|System: X360, PS3, Wii, PC, DS||Review Rating Legend|
|Dev: High Moon Studios||1.0 - 1.9 = Avoid||4.0 - 4.4 = Great|
|Pub: Activision||2.0 - 2.4 = Poor||4.5 - 4.9 = Must Buy|
|Release: June 22, 2010||2.5 - 2.9 = Average||5.0 = The Best|
|Players: 1-4||3.0 - 3.4 = Fair|
|ESRB Rating: Everyone 10+||3.5 - 3.9 = Good|
All of the Transformers look visually interesting and unique, and the levels themselves work around the graphic limitations of the DS by using intense combinations of colors that is, at times, superb. It takes a true artist to overcome a limited palette and create something visually striking.
However, all of those great visuals are ruined by the fact that the camera is tilted way to much towards the floor, and the floor of nearly every level just so happens to be the least visually interesting thing going on. Time and again I would enter an area, be fairly amazed by the color scheme, then the camera would reorient itself back to my characters shoes, as if the camera was manned by some anxiety-stricken introvert deathly afraid of making eye contact with someone else. I caught myself jumping a lot just to get a look at some cool futuristic structure, or look out a window at a gleaming cityscape, or to get a glimpse of a shining nebula out in space. But can you really enjoy a great view while straining to peer over a window ledge two feet above your head? This isnt the fault of the DS and its small screen; Ive played a lot of great action/adventure games on the DS in which this wasnt a problem. This is a problem concerning the gameplay guys not communicating with the art guys or the early testing guys.
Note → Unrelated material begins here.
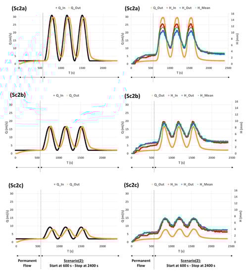 Before testing Sc2, we impose a permanent flow condition (Qp = 2 mL/s) in the channel during 10 min. Then Sc2 is tested for a duration of 30 min for the three variants (Sc2a, Sc2b, and Sc2c). Like Sc1, Sc2 is imposed on the channel input by the peristaltic pump by using the “pump control device”. Each variant of Sc2 was replicated three times and the mean of the replicates is shown in the results section.

The sound, however, is a slam dunk. The music is action-packed and dramatic and, while not exactly memorable, it inspired me to great acts of heroic violence on more than one occasion. The Decepticon themes are especially great; sinister cold electronica tracks perfectly highlight not only Megatrons thirst for power, but also the brutally psychotic nature of his underlings. The voice over, when it occurs, is surprisingly good. While the dialogue is of laughably rock-bottom quality, the voice work itself is done with a good deal of personality. Nobody is simply phoning in their lines. Its unfortunate that dialogue is accompanied by incredibly tiny character portraits and, while I understand that animating each and every interaction is probably impossible, some comic book-inspired artwork to go along with the voice work would have been great. As it is, the lackluster visuals alongside the great voice work make the game feel as if its still in development.
At least the DS makes that cool transforming sound when you open and shut the lid - thats something!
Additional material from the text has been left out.